***** DATA IN THIS EXERCISE *****
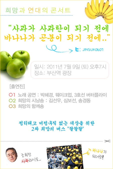 ![]() ▲9일 늦은 7시 부산역 광장에서 '희망과 연대의 콘서트- 사과가 사과탄이 되기 전에, 바나나가 곤봉이 되기 전에...'가 열린다. |
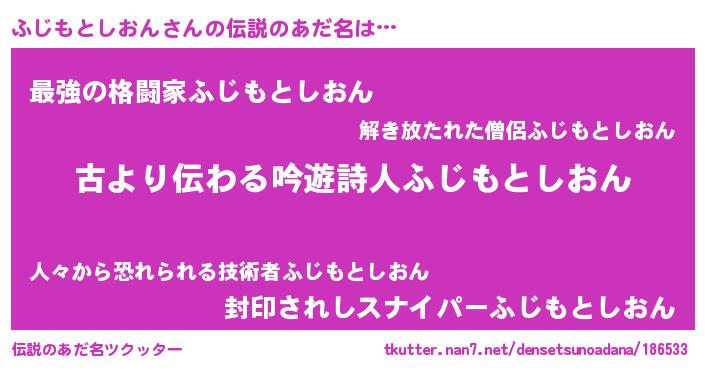 | 意味不明あだ名 | 『住所不定無職ふじもとしおん(10歳)』 |
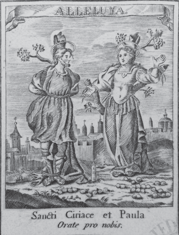 Las representaciones de san Ciriaco y santa Paula53 eran hasta la fecha, por su reducido culto local, un fenómeno casi exclusivamente malagueño. De ahí lo excepcional del hallazgo en México de este cuadro novohispano, como primer ejemplo de su difusión más allá del municipio del que son patronos y su provincia. Al igual infrecuente resulta su representación por un artista extranjero fuera del ámbito malagueño. Tan sólo existirían unas mínimas referencias previas ilustradas en algunos de los citados martirologios, pero son imágenes genéricas de un martirio por lapidación que en ningún caso hacen referencia a la tradición local como aquí es el caso.
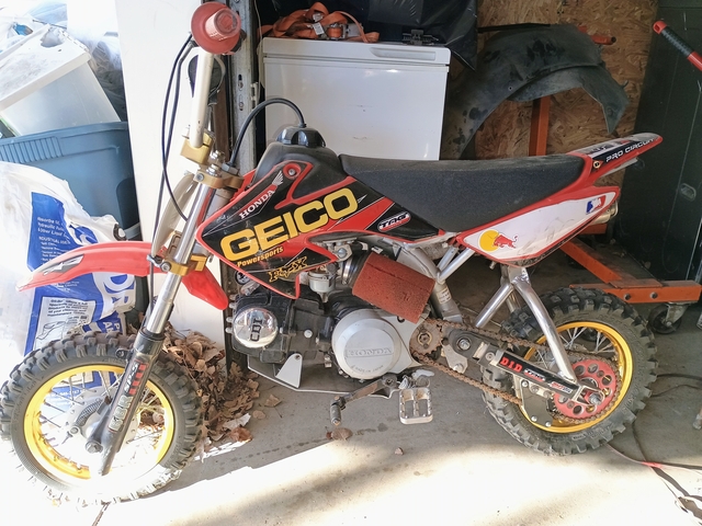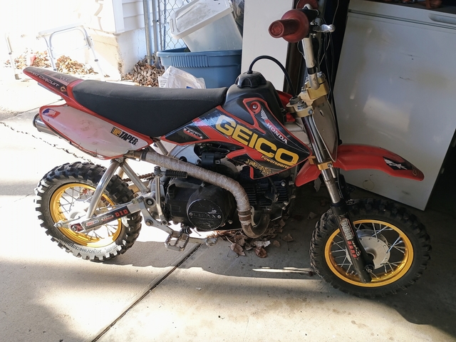 Needs carb cleaned, or new carb altogether. Doesn't have a choke plate(previous owners idea) and is cold blooded. Has a Lifan 125cc swapped into it and it's a blast to ride! Needs a tube for the rear tire as well!
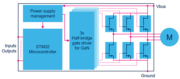 圖1. 基于 GaN 晶體管的逆變器的簡(jiǎn)化框圖
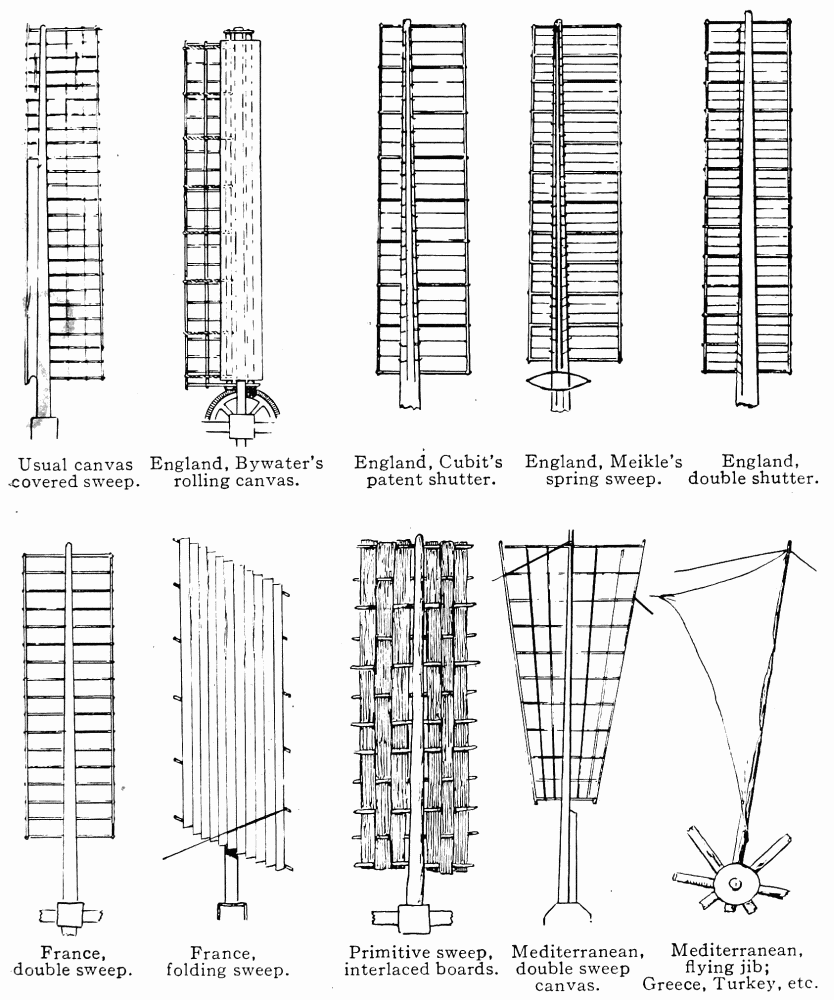 (B) The Sweeps.—With mills built for centuries and by all countries, it is but natural to expect to find a wide range of form in this most characteristic part of a windmill—the sweeps or vanes; and in this one is not disappointed.
*****
ABOUT THIS TASK: Starting at the line that contains "Needs carb cleaned, or" and ending at the final line of the data, reproduce each line exactly. Pictures stay out of the copy.

OUTPUT:
 Needs carb cleaned, or new carb altogether. Doesn't have a choke plate(previous owners idea) and is cold blooded. Has a Lifan 125cc swapped into it and it's a blast to ride! Needs a tube for the rear tire as well!
 圖1. 基于 GaN 晶體管的逆變器的簡(jiǎn)化框圖
 (B) The Sweeps.—With mills built for centuries and by all countries, it is but natural to expect to find a wide range of form in this most characteristic part of a windmill—the sweeps or vanes; and in this one is not disappointed.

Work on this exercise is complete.